Is this proof acceptable ?
Theorem :
Let $N = k\cdot 2^n+1$ with $n>1$ , $k<2^n$ , $3 \mid k $ , and
$\begin{cases} k \equiv 3 \pmod {30} , & \text{with }n \equiv 1,2 \pmod 4 \\ k \equiv 9 \pmod {30} , & \text{with }n \equiv 2,3 \pmod 4 \\ k \equiv 21 \pmod {30} , & \text{with }n \equiv 0,1 \pmod 4 \\ k \equiv 27 \pmod {30} , & \text{with }n \equiv 0,3 \pmod 4 \end{cases}$
, thus
$N$ is prime iff $5^{\frac{N-1}{2}} \equiv -1 \pmod N$
Proof :
Necessity : $\textit{If}~ N ~\textit{is prime then} ~ 5^{\frac{N-1}{2}} \equiv -1 \pmod N $
Let $N$ be a prime , then by Euler criterion :
$5^{\frac{N-1}{2}} \equiv \left(\frac{5}{N}\right) \pmod N$
If $N$ is prime then $N \equiv 2,3 \pmod 5 $ and therefore : $\left(\frac{N}{5}\right)=-1$ .

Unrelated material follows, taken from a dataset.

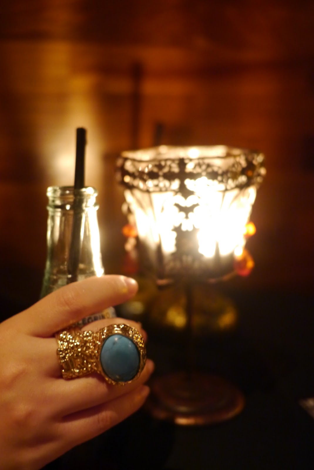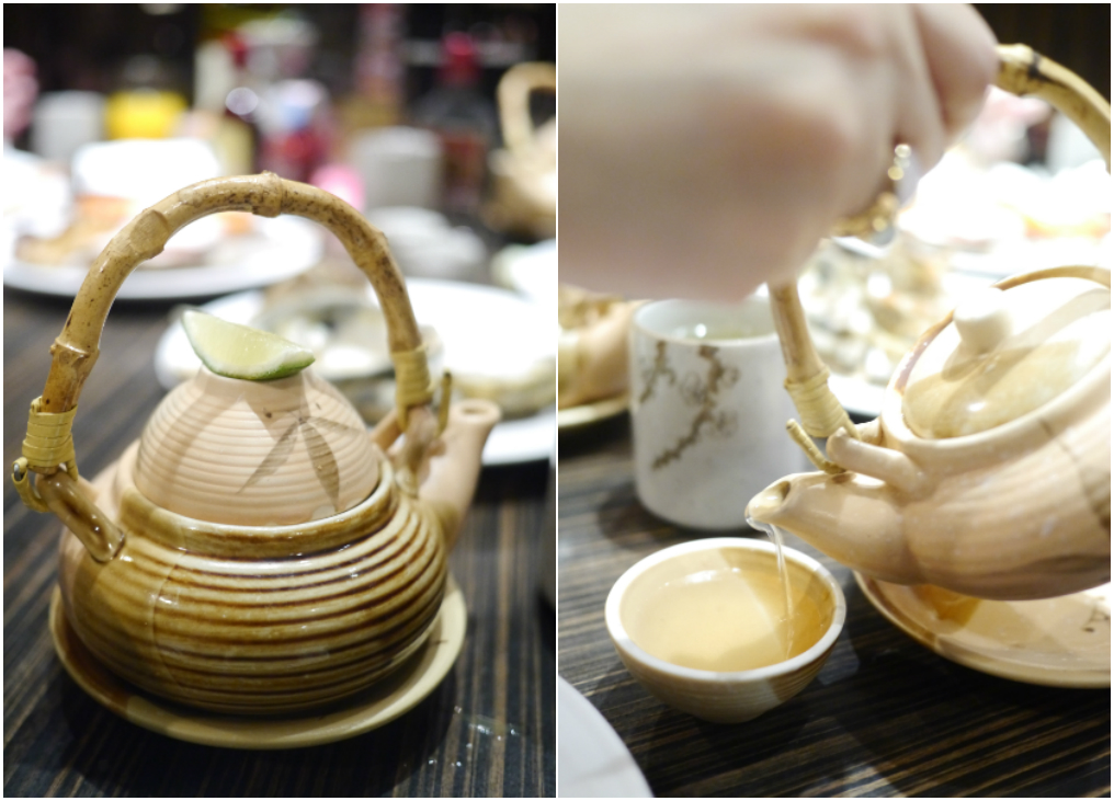 和友人俩人坐在屋后的座位上点了两杯柠檬蜜糖 ...

Since $N \equiv 1 \pmod 4 $ according to the law of quadratic reciprocity it follows that : $\left(\frac{5}{N}\right)=-1$ .
Hence , $5^{\frac{N-1}{2}} \equiv -1 \pmod N $ .
Sufficiency : $\textit{If}~ 5^{\frac{N-1}{2}} \equiv -1 \pmod N~ \textit{then}~ N~ \textit{is prime}$
If $5^{\frac{N-1}{2}} \equiv -1 \pmod N$ then by Proth's theorem $N$ is prime .
You just took two (true) theorems and emerged them into one, and based your proof, just by assuming both theorems are true. For me it is unacceptable.
Proving first part is just too easy, but it is always nice to also show why you used or took as granted the given formulas. Not many people heard about Legendre symbol.
Proof of second part is just in the (topic of) question itself.
It didn't take 8 lines for Euler or Proth to prove their theorems.